2. From the View tab in the ribbon, click Schedules and then select Schedule/Quantities to open the New Schedule dialog box.
3. From the Category list, choose Topography, set Phase to New Construction, and then click OK.
4. In the Fields tab of the Schedule Properties dialog box, choose Name, Projected Area, Net Cut/Fill, Phase Created, and Phase Demolished, clicking Add after each one. Click OK to close the dialog box.
5. While you are still in the working view of the schedule, go to the Properties palette and set the Phase Filter of the schedule to Show Previous + New. This will allow only the modified toposurfaces affected by the Graded Region command to appear in the schedule. The complete existing topography will not be listed in the schedule.

6. Activate the Cellar plan from the Project Browser, and create a building pad in the same way you created one earlier in this section.

   After you complete the creation of the building pad and the topographic surface is modified, notice that the Net Cut/Fill values in the topography schedule still have a value of 0. This is because the Graded Region tool must be used on a surface to generate the differences required to calculate what volume must be cut versus filled in the proposed design.
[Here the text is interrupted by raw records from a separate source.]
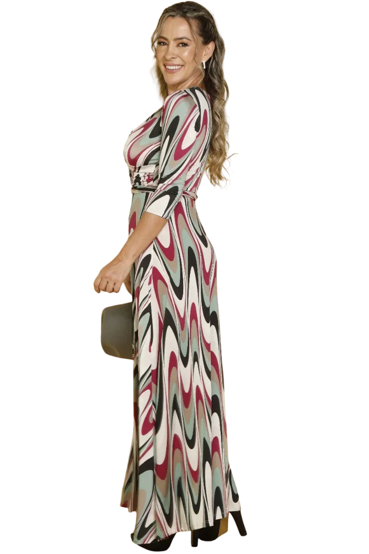 DETALLE | Vestido largo con escote, cuenta con un diseño ceñido que resalta visualmente la figura. |
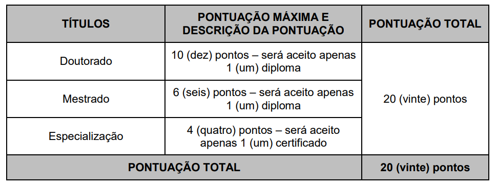 Os candidatos aprovados na Prova Objetiva concorrerão à Prova de Títulos, de caráter classificatório. A pontuação da Prova de Títulos não terá caráter eliminatório, sendo somada à nota obtida na prova objetiva para compor a classificação final do(a) candidato(a) e obedecerão à seguinte organização:
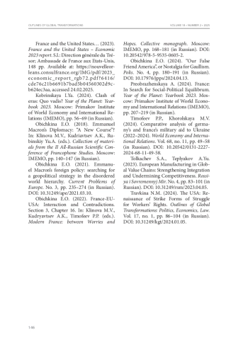 5. Обичкина Е.О. «Наш ложный друг Америка», или ностальгия по голлизму // Полис. - 2024. - № 4. - С. 180-191. - https://doi.org/10.17976/jpps/2024.04.13.

7. Tile the open Revit windows so you can see both the Default 3D view and the topography schedule.
8. On the Massing & Site tab, click the Graded Region tool, and you will see a dialog box appear with two options to continue the command. Choose the option Create A New Toposurface Exactly Like The Existing One. This option creates overlapping existing and proposed surfaces, which will allow the software to schedule the differences between the two as cut or fill volumes.
9. Select the existing toposurface, and you will see the volume values in the topography schedule update to reflect how the excavation for the building pad affected the overall soil. Note that this type of calculation does not account for various construction methods, such as backfilling.
10. Click the Finish Surface icon in the contextual tab of the ribbon to complete the Graded Region command.

Activate the Section 1 view to see the building pad more clearly. Try selecting the building pad and changing the Height Offset From Level value in the Properties palette. Observe how the Net Cut/Fill values change as the pad defines the scope of excavation for the foundation.
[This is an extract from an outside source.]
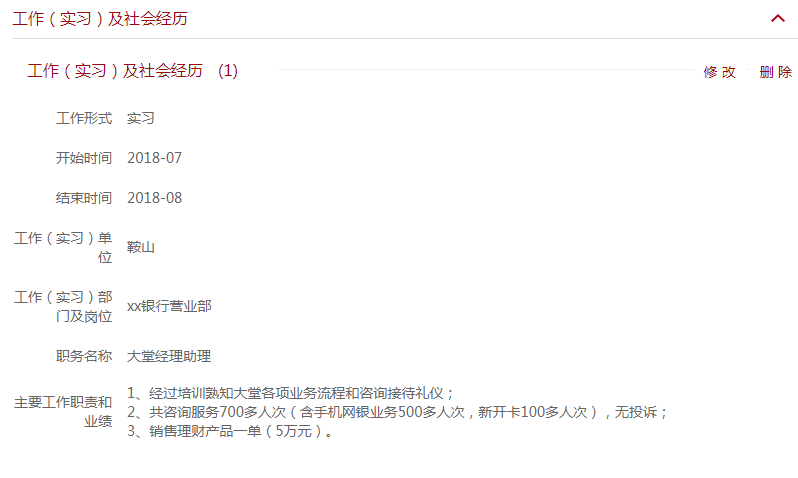 同時(shí)也是因?yàn)楹芏鄬W(xué)生沒(méi)有正規(guī)的實(shí)習(xí)只有一些零散的兼職活動(dòng),這里的話就盡量寫(xiě)和同學(xué)所報(bào)銀行崗位相關(guān)的一些兼職經(jīng)歷,描述過(guò)程中注意用詞盡量用數(shù)據(jù)和技能說(shuō)話。
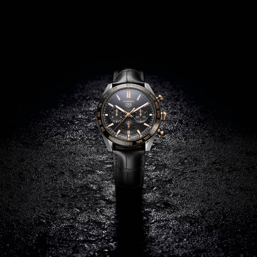In sumptuously chic black and rose gold, this Carrera sets a blistering new pace in prestige timekeeping. Housed in a 44-mm steel polished, fine brushed case, the legendary Calibre HEUER02 Automatic movement now comes outfitted with splendid finery.

You can also make the topography schedule easier to read by assigning descriptive information to each topographic surface. Select the surface and enter a value in the Name field in the Properties palette. Change the name of the main surface to Existing Grade and then locate the surface where the building pad is. Change its name to Pad Area and observe the topography schedule once again.

If you would like to explore the completed project file for this exercise, you can download c03-Site-Cut-Fill-FINISHED.rvt from this book’s companion web page.